Calculating the amount of the previous transaction of a different category for each transaction in a DataFrame


I have a DataFrame df that contains transactions from customers. Each row in the DataFrame represents a transaction and has the following columns:

  • KEY_ID: the ID of the customer who made the transaction.
  • TYPE: the type of transaction, which can be of two categories.
  • DATE: the date the transaction was made.
  • AMOUNT: the amount of the transaction.

I need to add a new column to the DataFrame that contains the amount of the previous transaction of the opposite category for each transaction. That is, for each transaction of a certain type, I want to know how much was the amount of the last transaction of a different type that the same customer made before the date of the current transaction.
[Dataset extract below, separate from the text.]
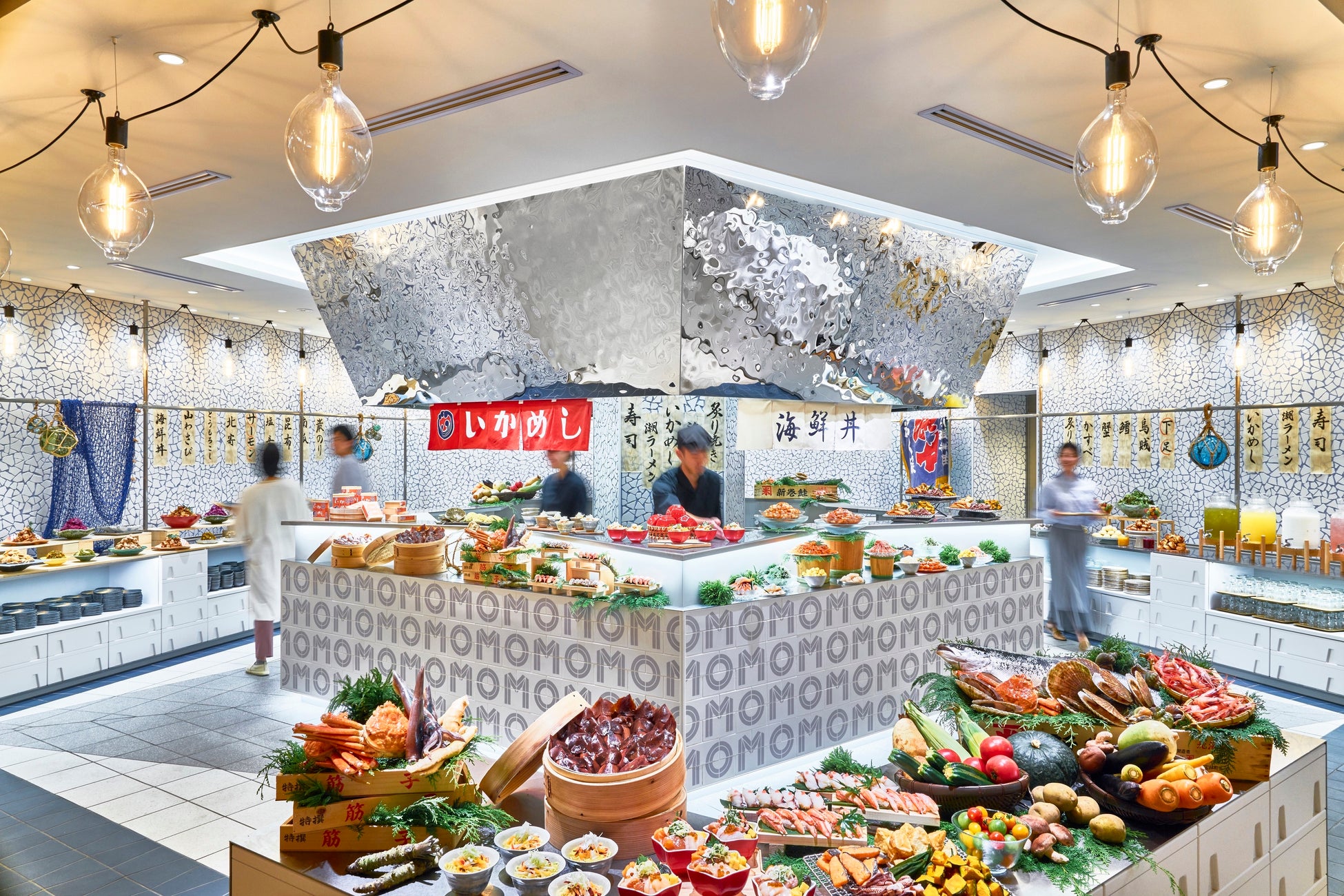 朝食ビュッフェに、イカを使った料理が14品並びます。イカをさまざまなスタイルで楽しめるよう、焼いたり蒸したりと調理方法を変え、和食、洋食、中華の料理を提供します。例えば、小さくて食べやすいイカを甘辛いタレで焼いた「小イカのぽっぽ焼き」は、イカのゴロも外さずに焼くので、ほろ苦い味わいがクセになる一品です。「イカの彩りマリネ」は、鮮やかな野菜とイカにハーブやビネガー、オイルを合わせ、さっぱりとした味に仕上げました。また、五稜郭をイメージした星形のライブキッチンで提供する「海鮮ファイブスターズ」でもイカを味わえます。薬味を混ぜ込み風味付けした酢飯に、イカやホタテなどを合わせた海宝漬やお刺身をたっぷりのせて作る「海鮮丼」や、イカゲソや野菜を香ばしく焼き上げた「炙り焼き」、イカの具材をトッピングして昆布、貝、蟹を贅沢に使用した出汁を使用したスープが特徴の「潮(しお)ラーメン」、そして、阿部商店の元祖「いかめし」を提供します。函館の海をイメージして烏賊墨染のアートボードや漁網の照明などを設えた、明るく開放的な空間で食べるイカづくしの朝食ビュッフェは、朝のテンションを上げること間違いありません。

First I sorted the df by KEY_ID and DATE:

df= df.sort_values(by=['KEY_ID', 'FECHA'])

Then tried to create a function that creates a subset called previous_requests

def find_previous_request(row):
    # Get previous requests of the opposite type
    previous_requests = df[
        (df['KEY_ID'] == row['KEY_ID']) &
        (df['TYPE'] != row['TYPE']) &
        (df['DATE'] < row['DATE'])
    ]
    
    # If there are previous requests, return the amount of the most recent one
    if not previous_requests.empty:
        return previous_requests.iloc[-1]['AMOUNT']
    
    # If there are no previous requests, return NaN
    return np.nan

The kernel crashes when I apply the function.

Also tried the following code:

df['prev_amount'] = df.groupby(['KEY_ID', 'TYPE'])['AMOUNT'].shift().fillna(0).astype(int)

EDIT:

Input:

KEY_ID TYPE AMOUNT DATE
1 Motor 5000 2020-01-01
1 Tool 3000 2020-02-01
1 Tool 7000 2020-03-01
2 Tool 2000 2020-01-15
2 Motor 6000 2020-02-15
2 Tool 4000 2020-03-15

Expected Output:

KEY_ID TYPE AMOUNT DATE PREV_AMOUNT
1 Motor 5000 2020-01-01 NaN
1 Tool 3000 2020-02-01 5000
1 Tool 7000 2020-03-01 5000
2 Tool 2000 2020-01-15 NaN
2 Motor 6000 2020-02-15 2000
2 Tool 4000 2020-03-15 6000

Solution

  • based on your sample data, I guess @Michael Cao has pointed out 99% of the answer, his answer misses the KEY_ID, since you don't want to have the amounts of the KEY_ID 1 in KEY_ID 2:

    grouped = df.groupby(['KEY_ID'])
    
    for name, group in grouped:
        last_motor = None
        last_tool = None
        for ind, row in group.sort_values(['KEY_ID', 'DATE']).iterrows():
            if row.TYPE == 'Motor':
                df.loc[ind, 'PREV_AMOUNT'] = last_tool
                last_motor = row.AMOUNT
            if row.TYPE == 'Tool':
                df.loc[ind, 'PREV_AMOUNT'] = last_motor
                last_tool = row.AMOUNT
    

    I hope this helps!